--- DATA Enclosed Below ---

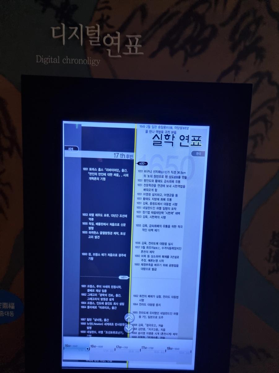 실학에 대한 연표나 인물, 전개방향에 대한 디지털연표가 나와있어 시간의 흐름에 의한 실학의 전개도 알수 있습니다
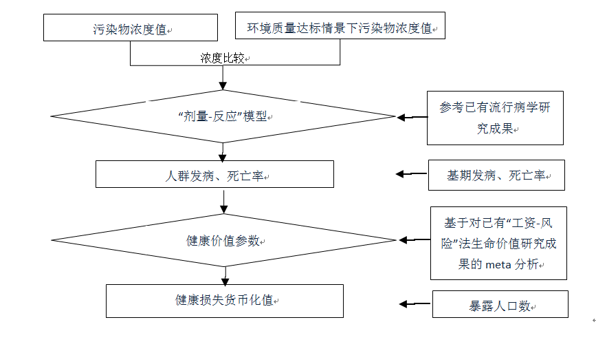 以空气质量达标为基准,评估空气污染超标所致健康损失,具体步骤如下:
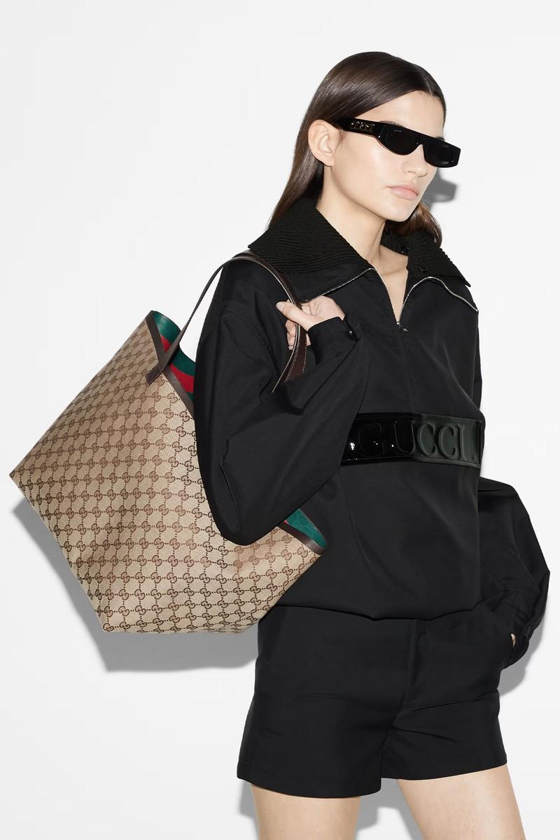 The GG Emblem tote, crafted from the brand’s instantly recognisable monogram canvas and contrast leather, brings a luxe edge to classic denim and white shirts.
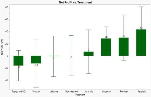 Figure 3. Net profit of 2024 fungicide treatments. Each error bar is constructed using 1 standard deviation from the mean. No significant differences between treatments (α=0.10).
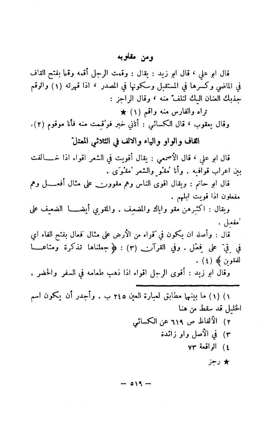 قال أبو حاتم: ويقال أقوى الناس وهم مقوون على مثال أفعل وهم مفعلون إذا قويت إبلهم.
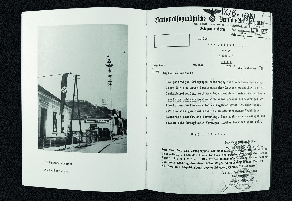 Anlässlich der Eröffnung des Museums ERLAUF ERINNERT 2015 thematisierte die Künstlerin Tatiana Lecomte das Leben der aus Erlauf vertriebenen Ernst Brod und Frank Schanzer. Aus ihren Recherchen ging das Buch „Then Hitler invaded Austria. Vertreibung in die Sehnsucht“ hervor, das sie als vergängliches Ausstellungsobjekt im Museum installierte. Die gesamte Buchauflage wurde als Stapel in der Ausstellung positioniert, und die Besucher_innen waren aufgefordert, sich ein Exemplar und somit auch ein „Stück Erinnerung“ mit nach Hause zu nehmen. Der sich dadurch ständig wandelnde Bücherstapel diente gleichermaßen als dynamische, interaktive Skulptur wie als Mahnmal gegen das Vergessen.
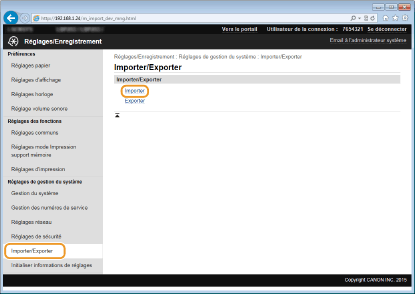 Chargez (importez) les données qui ont été exportées depuis l'appareil. Vous pouvez également importer des paramètres depuis un autre appareil s'il est du même modèle que le vôtre.
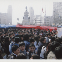 - Se observa una gran manifestación de personas sosteniendo una gran bandera de Chile. Detrás se observa el monumento a los Héroes de Iquique
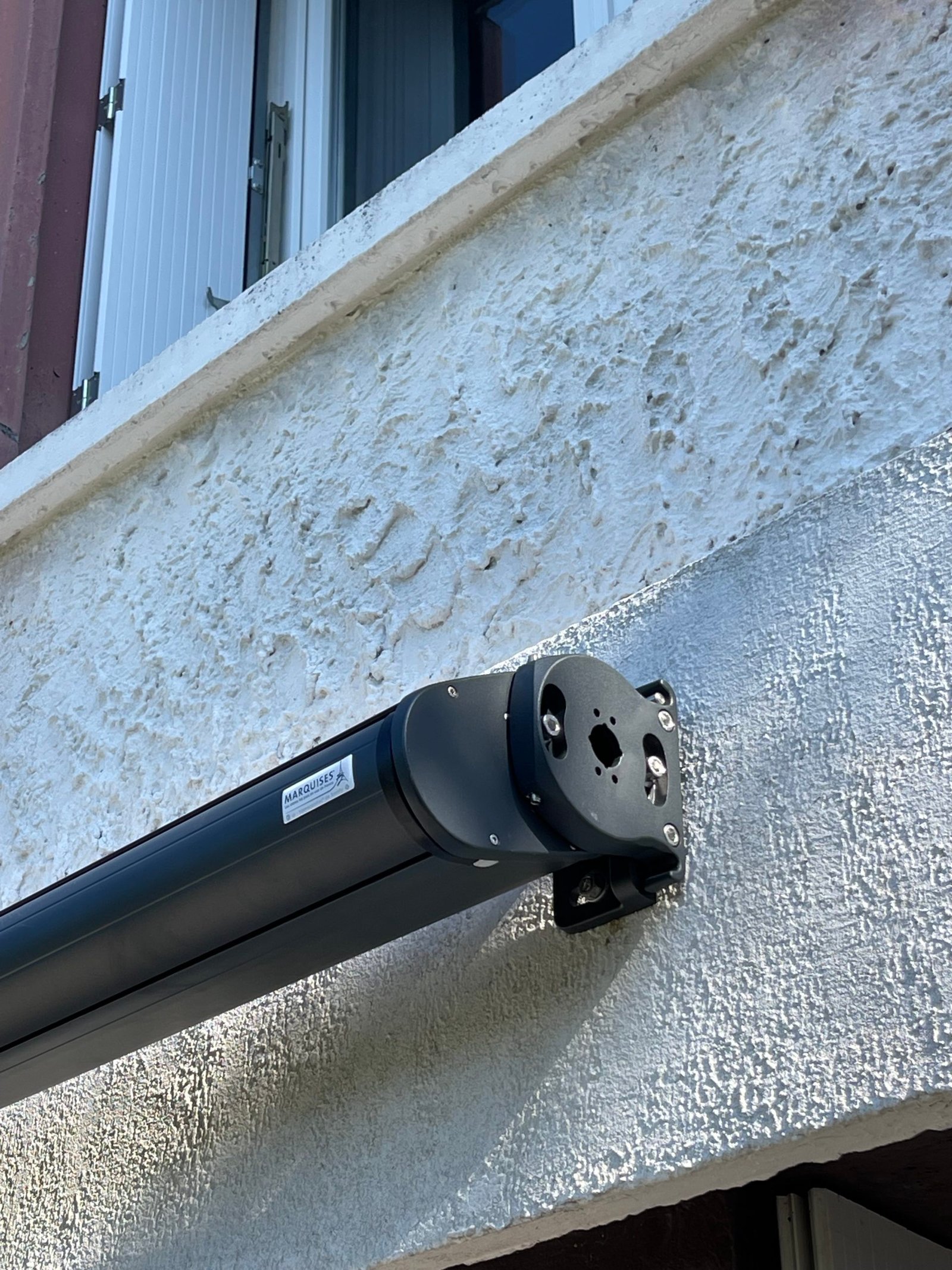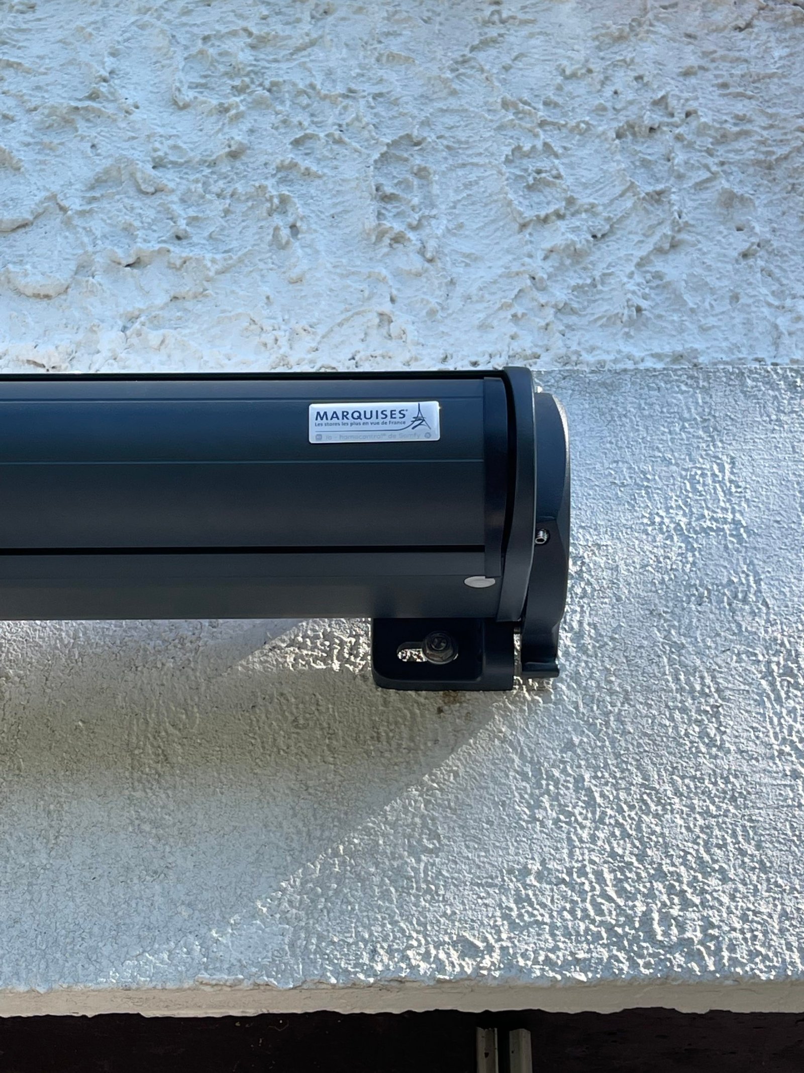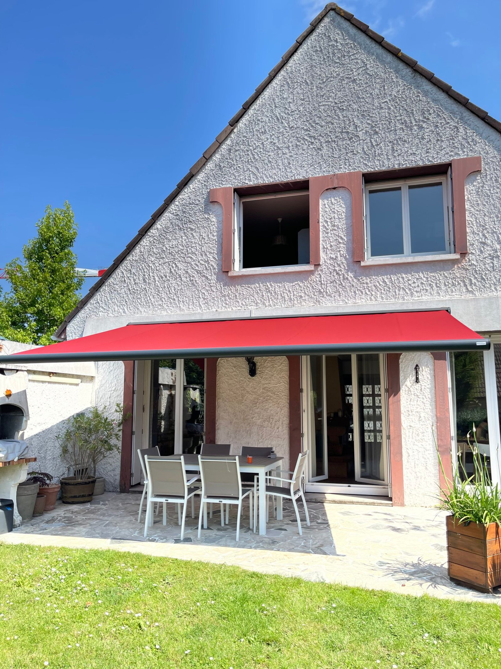 Pour une sécurité accrue, un capteur Eolis 3D io de la marque Somfy a été ajouté. Ce capteur sans fil protège le store motorisé en le repliant automatiquement en cas de vent, préservant ainsi la toile et l’armature contre les caprices de la météo.
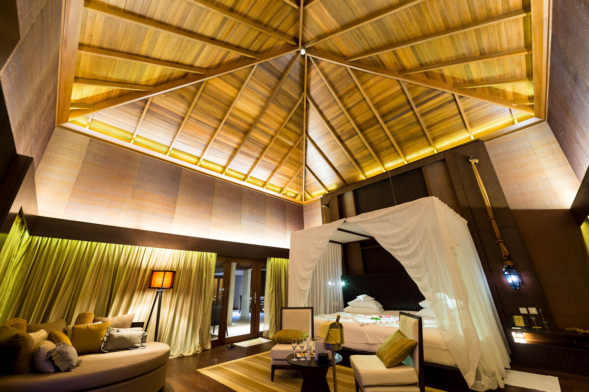 Персональный пляж, гигантская кровать, личный бассейн, гостевой домик, огромная ванная — это лишь часть того, что будет в вашем распоряжении, если вы остановитесь на этом райском острове. Огромная входная дверь виллы сразу намекает на масштаб того, что окажется внутри. А там большой бассейн, уличная кровать, на которой можно встретить закат и дорожка, ведущая на собственный пляж. Идешь туда, а там никого. Виллы находятся так далеко друг от друга, что даже если соседи начнут кричать, вы их не услышите, и ощущение полной приватности не покинет вас. Рано утром песок перед виллой каким-то волшебным образом выравнивают. На нем лишь наши следы: Тропинка к уличному душу. Механика следующая: искупался в море, постоял под душем, пошел купаться в бассейне… Как выглядит вилла вечером, мне нравится намного больше. Поэтому все самые интересные фотографии я сделал вечером, в день приезда. В левой части кадра гостевой домик или гостиная комната, кому как больше нравится. Мы там были лишь раз, ког

--- End of Enclosed DATA ---

Once the line with "The GG Emblem" is found in the data above, reproduce it and each line after it exactly, through the line with "قال أبو حاتم: ويقال". Omit the pictures.

 The GG Emblem tote, crafted from the brand’s instantly recognisable monogram canvas and contrast leather, brings a luxe edge to classic denim and white shirts.
 Figure 3. Net profit of 2024 fungicide treatments. Each error bar is constructed using 1 standard deviation from the mean. No significant differences between treatments (α=0.10).
 قال أبو حاتم: ويقال أقوى الناس وهم مقوون على مثال أفعل وهم مفعلون إذا قويت إبلهم.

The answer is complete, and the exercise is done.